## Raw data
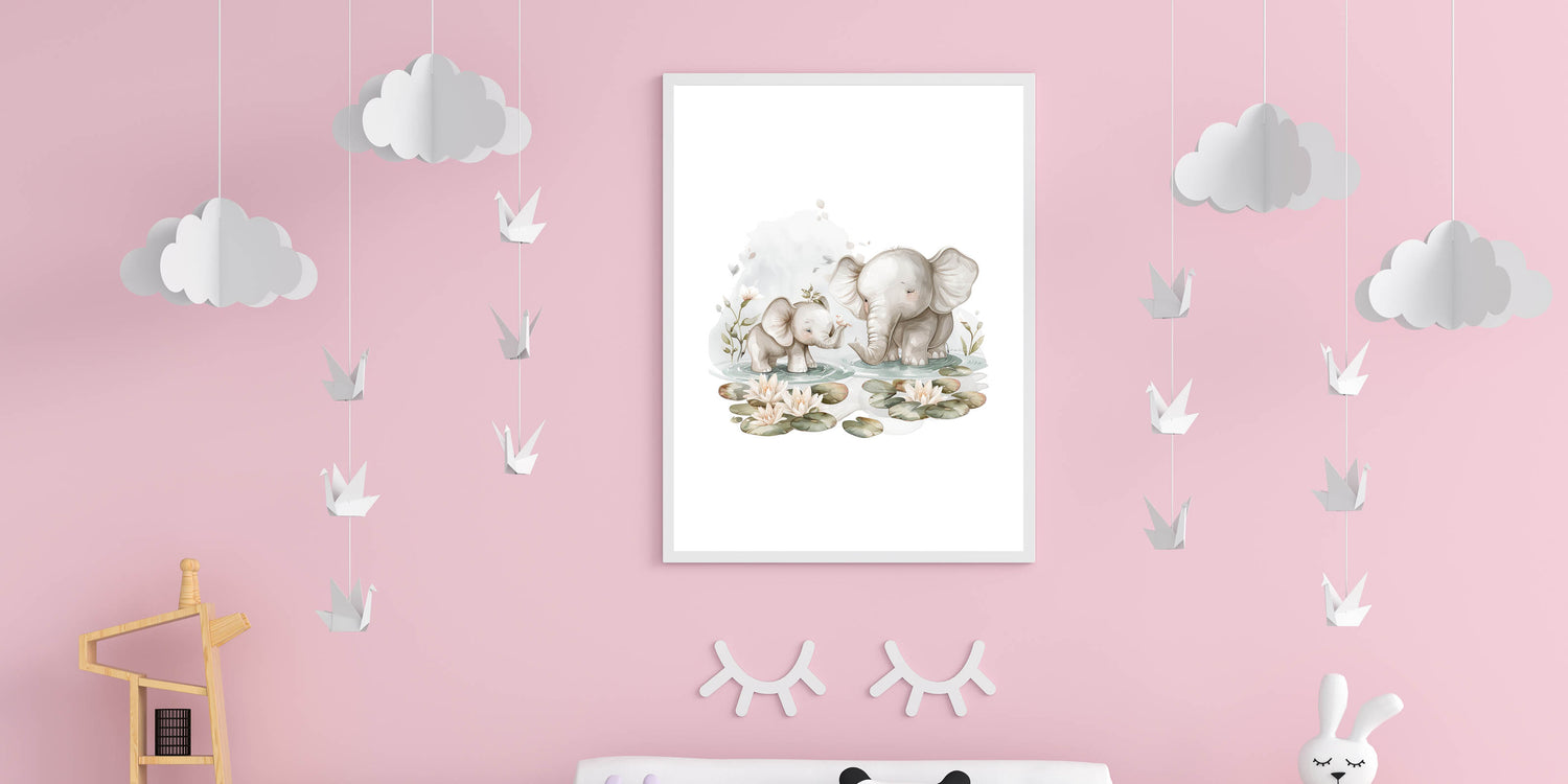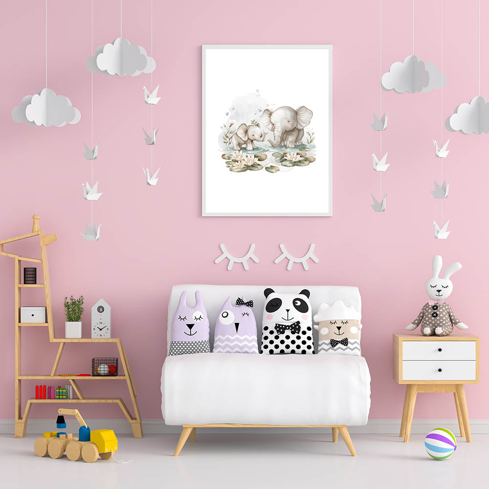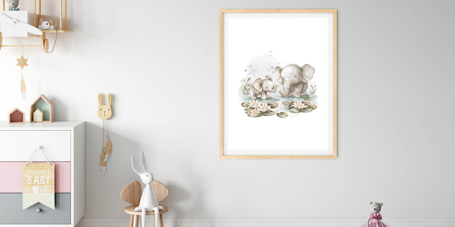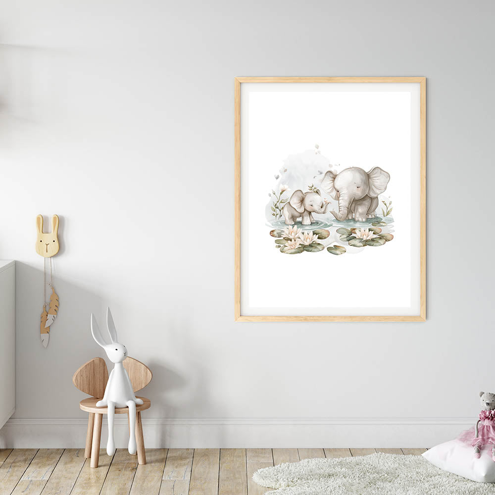 Create a loving and peaceful atmosphere in your child's space with this beautiful mother and baby elephant wall art. This heartwarming watercolor illustration captures the gentle bond between an elephant parent and calf as they enjoy a serene pond filled with lily pads and delicate white flowers. The soft gray and beige tones blend seamlessly with nature-inspired greens, making it a soothing addition to nurseries, girls' bedrooms, and playrooms.
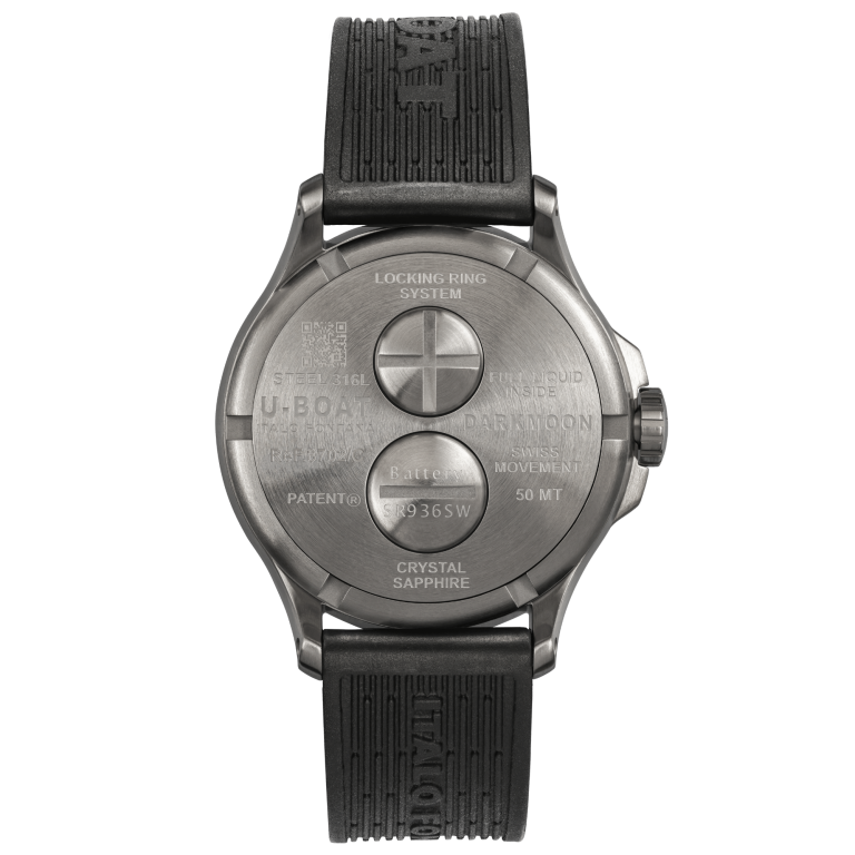 A collection inspired by the dark side of the moon. The case is completely filled with a special oil that emphasizes the dial, made in green metal with soleil finishing, creating an optical effect of a more intense color and higher legibility. Innovative locking system (Locking Ring System) with quick battery replacement.
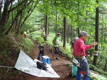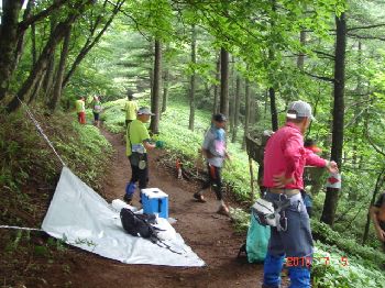 平丸分岐(標高1200m 39km地点)ボランテア参加のスタッフ一同の写真
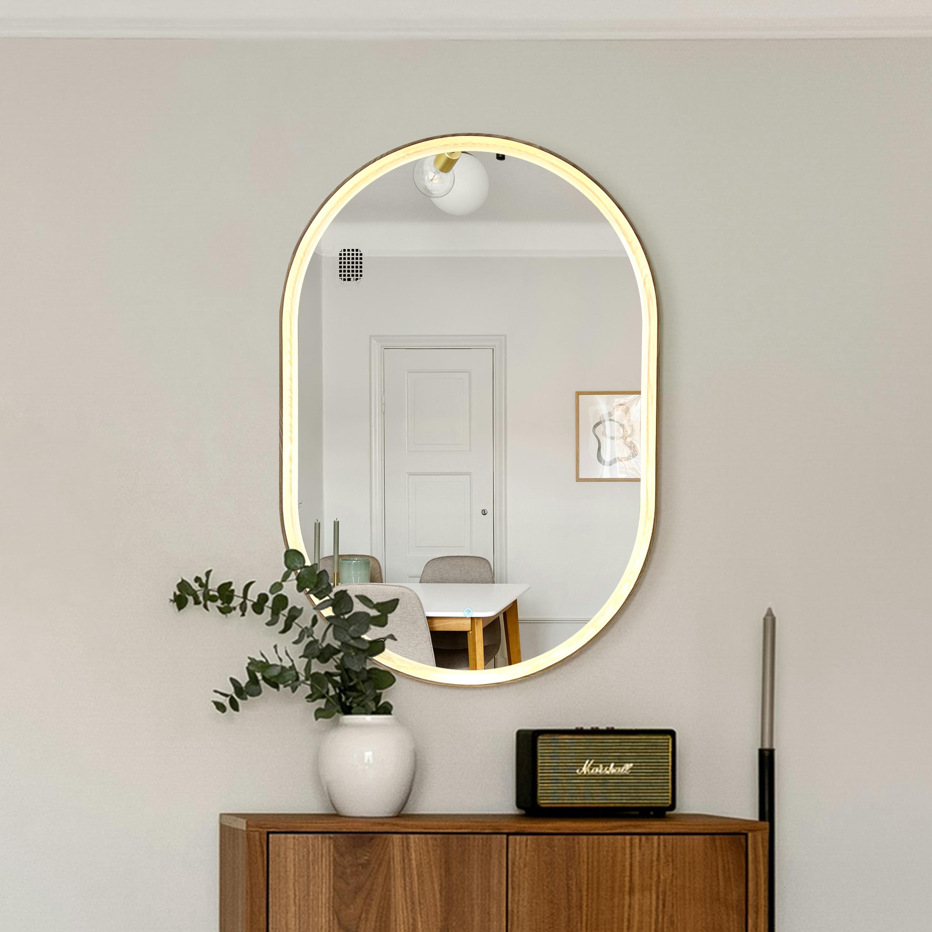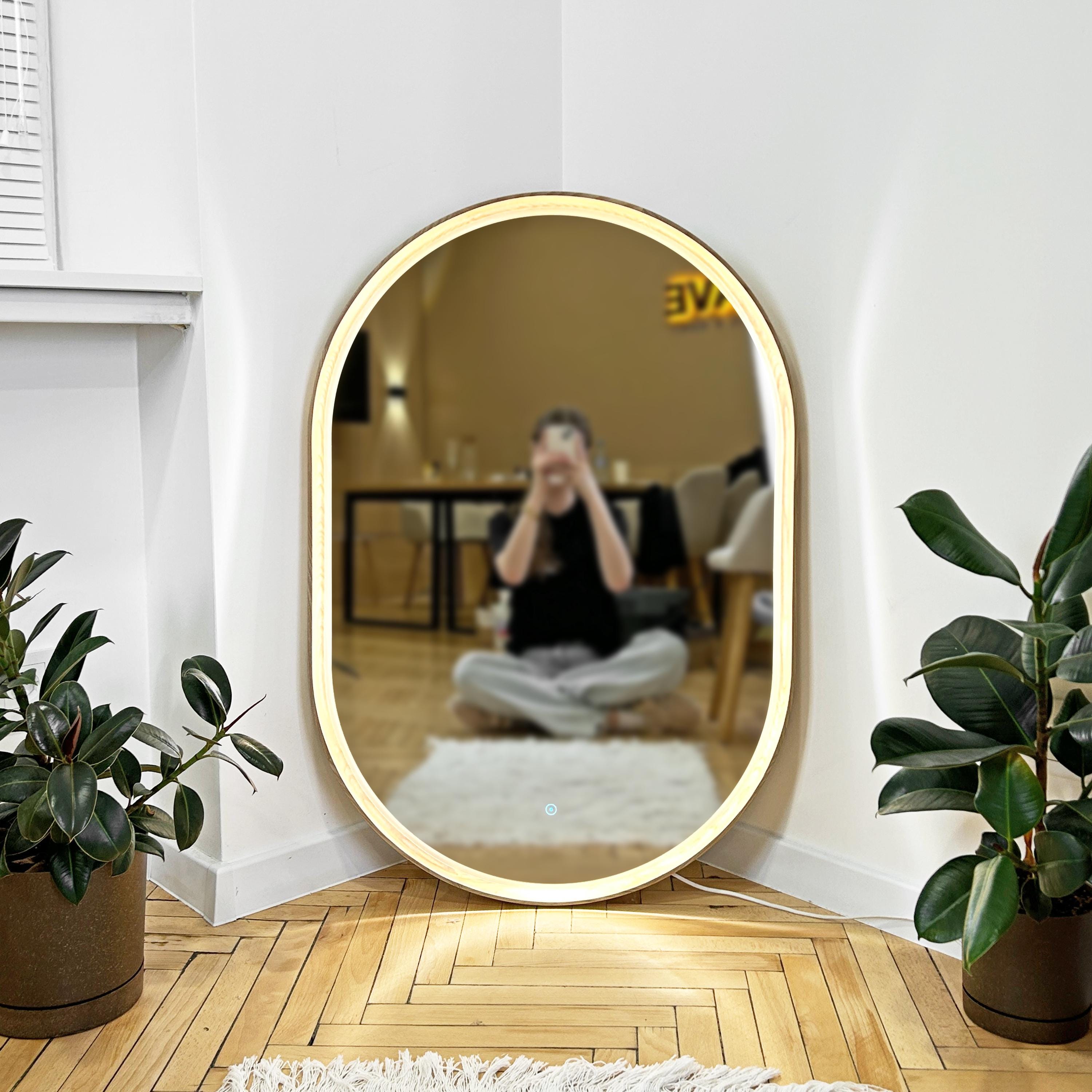 Wooden Oval Mirror, Large oak mirror, LED Lights Mirror, Walnut Mir...

## To do
Leave every picture out and copy precisely the lines from the one containing "平丸分岐(標高1200m 39km地点)ボランテア参加のスタッフ一同の写真" through the last line of the data above, both ends included.

## Output
 平丸分岐(標高1200m 39km地点)ボランテア参加のスタッフ一同の写真
 Wooden Oval Mirror, Large oak mirror, LED Lights Mirror, Walnut Mir...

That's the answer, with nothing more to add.